The jury, in the Wellington High Court, ruled that Little had made comments defamatory of Earl Hagaman in one case, but could not reach a decision on whether he was covered by qualified privilege.
After more than 13 hours of deliberations across two days, the nine men and three women found by a majority verdict that Little had not defamed Lani Hagaman in any of the six statements he made about a Niue hotel deal.
It ruled one of Little's six statements had been defamatory of Earl Hagaman. However, because it could not reach a decision on whether the defence of qualified privilege applied to Little – in essence, whether he had abused his public duty to provide comment as leader of the Opposition – they did not get to the point of deciding on any damages.
The jurors ruled one of Little's statements was not defamatory of Earl Hagaman, and could not reach a majority verdict on the four remaining statements.
The Hagamans were seeking $2.3 million in damages for comments Little made about a $101,000 donation they made to the National Party during the 2014 election, and a contract their Scenic Hotel Group won a month later to manage the Matavai resort in Niue, which receives government funding.
The verdict came after the jury indicated it could not reach a unanimous verdict, and was instructed to reach a majority decision if possible.
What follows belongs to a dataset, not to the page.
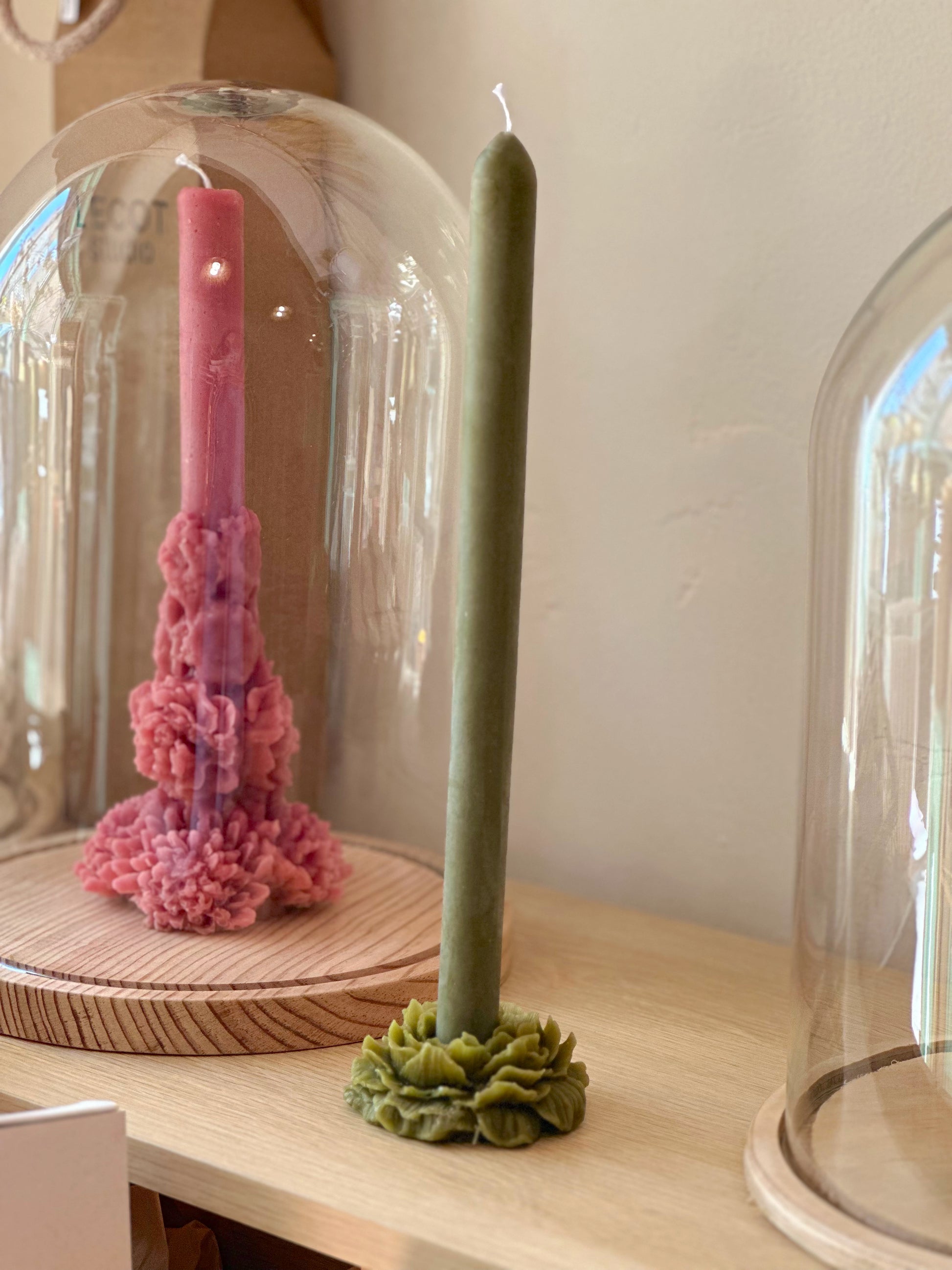 LECOT Studio. Velas con pie en forma de peonía de pura cera de abeja, fabricadas de manera puramente artesanal desde el vertido de la cera hasta la mezcla de pigmentos naturales, todo el proceso se hace de forma manual. Al irse quemando, el olor a la miel hace que no necesiten fragancias artificiales.

After discussions across Friday and Monday, the jury foreperson said the 12 members could not reach agreement on the first question of a four-step process in whether Little defamed Scenic Hotel Group founder Earl Hagaman or his wife Lani.
However, the foreperson said the jury believed it could reach a majority verdict - where at least nine people agree - for some of the allegedly defamatory statements, as is allowed in civil cases.
Justice Karen Clark instructed the jury to carry deliberating on the instances where they could reach a majority verdict until such a point as they were no longer able to agree by a majority.
Delivering her summing up to the jury at the High Court earlier on Friday, Clark said they should not be swayed by any prejudice against, or sympathy for, Little or the Hagamans, and their political views should not be a factor.
It was important that the jury "not get carried away" in terms of any potential damages, while they should avoid "doubling up" with general damages and exemplary damages.